An "Baby’s in Black" hat Arne Bellstorf drei Jahre lang gearbeitet. Daneben veröffentlicht er aber auch kürzere Comics in Sammelbändern, macht Illustrationsjobs und zeichnet regelmäßig Comicstrips für die Berliner Tageszeitung "Tagesspiegel". Warum er sich einem Genre verschrieben hat, das viele für trivial halten? "Na, der Comic ist einfach ein ganz eigenständiges Medium, was du in der Text-Bild-Kombination einfach nirgendwo anders hast", so Bellstorf.

Gezeichneter film noir

Für "Baby's in Black" hat er eine ganz eigene Zeichentechnik entwickelt. Die Bilder sind in Schwarz-Weiß gehalten und die Figuren haben zwar klare Konturen, aber die mit Aquarellbuntstift schlampig schraffierten Flächen lassen die Zeichnungen skizzenhaft aussehen. "Baby's in Black" ist wie ein Film Noir in Comicform. Und Astrid Kirchherr erinnert mit ihrer Bubikopf-Frisur an Jean Seberg in Jean-Luc Godards Gangsterfilm und Liebesdrama "Au bout de souffle". Arne Bellstorf wollte mit seinen Zeichnungen das Lebensgefühl der Exis vermitteln.

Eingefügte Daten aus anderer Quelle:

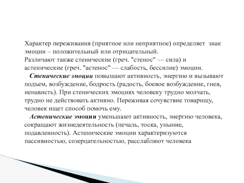 Различают также стенические (греч. "стенос" — сила) и астенические (греч. "астенос" — слабость, бессилие) эмоции.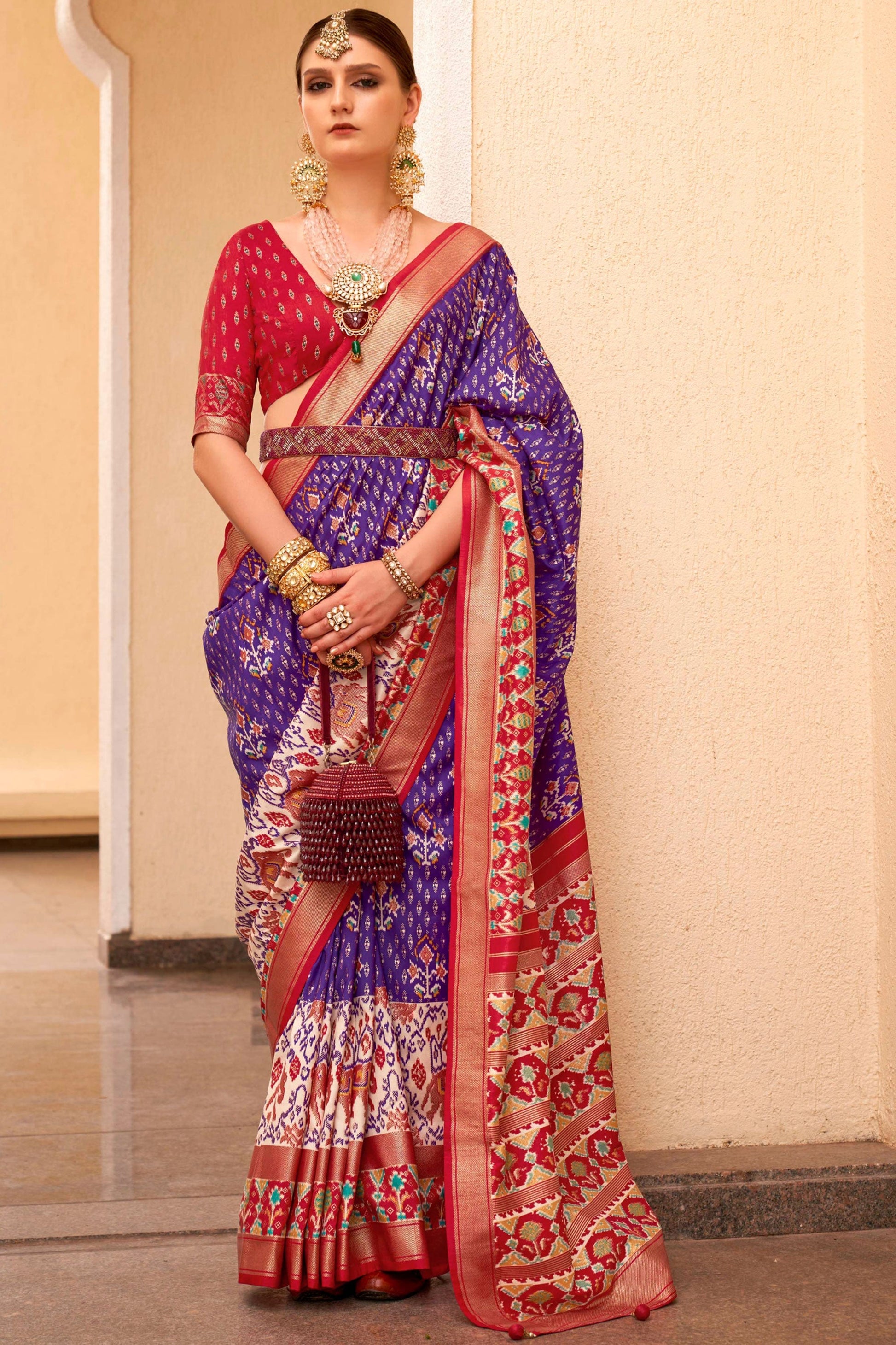 बैंगनी रंग मुद्रित समारोह पहनने पटोला सिल्क साड़ी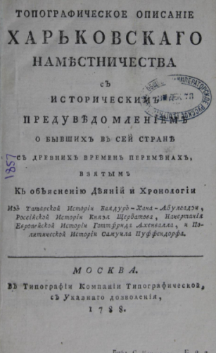 Переверзев, Иван Афанасьевич (?-1794). Топографическое описание Харьковского наместничества : c историческим предуведомлением о бывших в сей стране с древних времен переменах, взятым к объяснению деяний и хронологии из Татарской истории Баядур-хана-Абулгадзи, Российской истории князя Щербатова, начертания европейской истории Готтфрида Ахенвалла и политической истории Самуила Пуффендорфа. - Москва : В тип. Компании типографической, 1788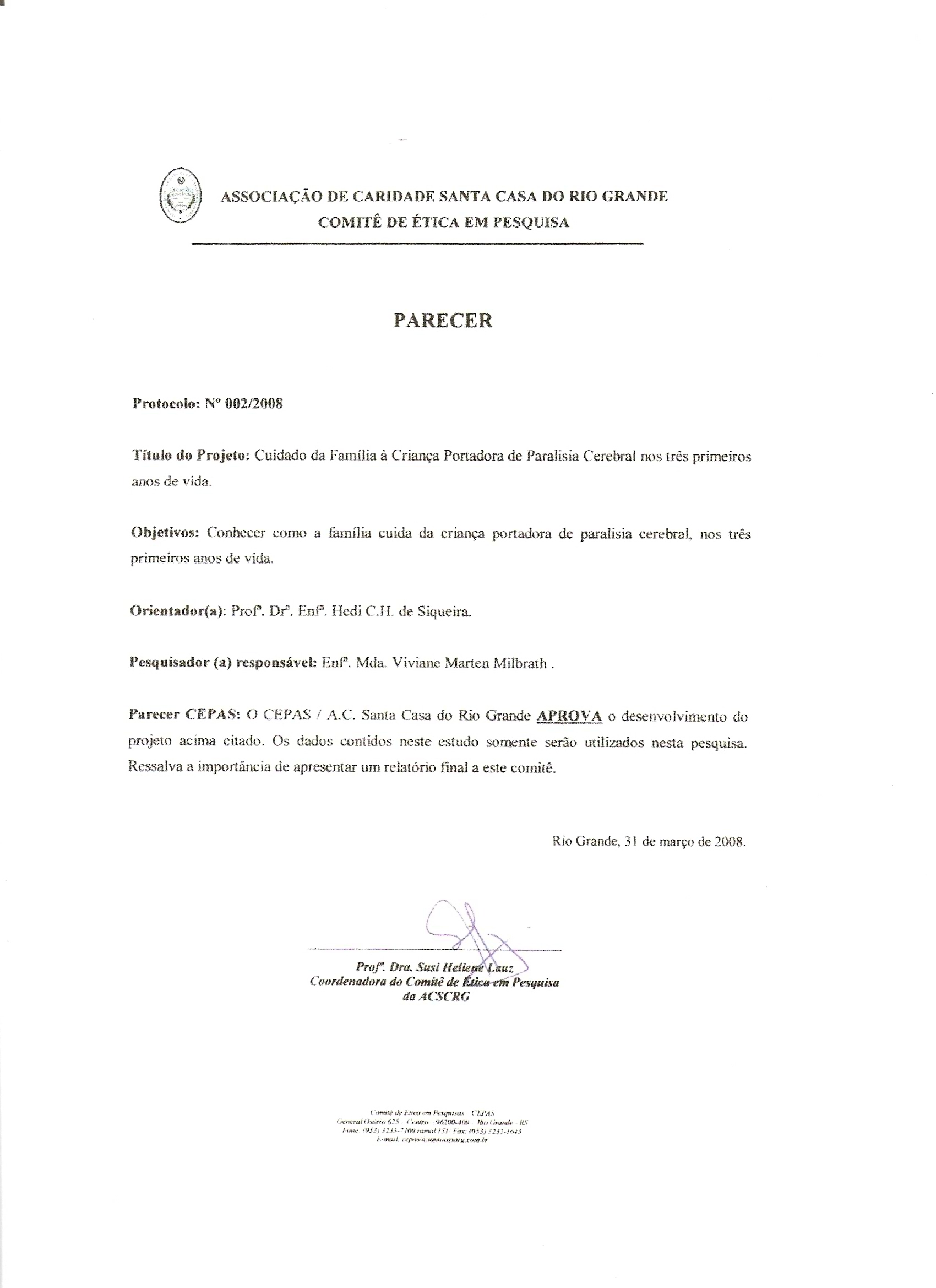- Autorização do Comitê de Ética em Pesquisa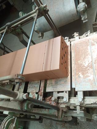 ![]() argile broyée sur tapis après passage dans le premier broyeur ![]() argile aditionnée d'eau dans le mélangeur ![]() malaxeur ![]() Mouleuse et filière pour brique perforée ![]() argile en sortie de mouleuse, format de carreaux de 16 ![]() Filière de drain qui se pose en sortie de mouleuse pour obtenir la forme souhaitée ![]() Filière de briques de 11x22, la dernière dimension sera coupée par le chariot coupeur ![]() briques coupées en 5 cm de haut avec le chariot coupeur Après la fabrication pour obtenir un produit fini : Les carreaux, briques, tuiles fabriqués sont ensuite déposés à la main sur des étagères pour l'étape de séchage.

Auf Seite 22 sitzen Astrid – schwarze Jacke, Zigarette in der Hand – und ihr Ex-Freund Klaus Voormann – dunkles, in die Stirn fallendes Haar, schwarzer Rollkragen-Pullover – rauchend über einen Tisch gebeugt in Astrids Zimmer. Es ist mitten in der Nacht irgendwann im Herbst 1960. Klaus erzählt Astrid aufgeregt und fasziniert von seinem nächtlichen Streifzug in ein heruntergekommenes Kellerlokal auf der Reeperbahn und von der Band, die er dort gesehen hat. Nicht gerade ein place tob e für ein Hamburger Bürgerkind.

Auftritt: The Beatles

Die Musiker auf der Bühne des Hamburger Kellerclubs sind fünf Jungs aus Liverpool, die später als die Beatles bekannt werden. Über mehrere Wochen hinweg spielen sie täglich bis zu acht Stunden und für 30 Deutsche Mark pro Nacht in einem Hamburger Kellerclub und covern bekannte Rock'n'Roll-Nummern. Der Bassist, der aussieht wie James Dean, heißt Stuart Sutcliffe. Wenig später wird er sich in Astrid verlieben – und sie sich in ihn. Bis Astrid die Beatles aber zum ersten Mal zu Gesicht bekommt, dauert es noch eine Weile.

Astrid Kirchner

Über ihre Liebe zu Stuart Sutcliff in einem Interview mit dem Nation Public Radio in den USA.

Stuart Sutcliffe verlässt die Beatles, noch bevor sie berühmt werden. Er bleibt bei Astrid in Hamburg und richtet sich im Haus von Astrids Mutter ein Atelier ein, wo er oft nächtelang malt. Im April 1962 stirbt er plötzlich, vermutlich an einer Gehirnblutung. Er war erst 21 Jahre alt. Im Comic stellt Arne Bellstorf den Tod von Stuart sehr unspektakulär dar, leise und durch Schweigen. Die Sprechblasen bleiben leer, Astrid durchlebt den Tod Stuarts wie in Trance.

Ob die Beatles in ihrem song "Baby's in Black" mit der schwarz gekleideten Witwe tatsächlich Astrid Kirchherr meinten, ist bei Beatles-Kennern umstritten. Jedenfalls war Astrid über Stuarts Tod hinaus mit den Beatles befreundet, vor allem mit George Harrison und John Lennon, Stuarts bestem Freund. Immerhin war es Astrid, die die ersten professionellen Fotos von den Beatles geschossen hat. Und sie war es auch, die Stuart den Pilzkopf und die schwarzen Bühnen-Outfits verpasst hat, was die anderen Beatles dann kopiert haben.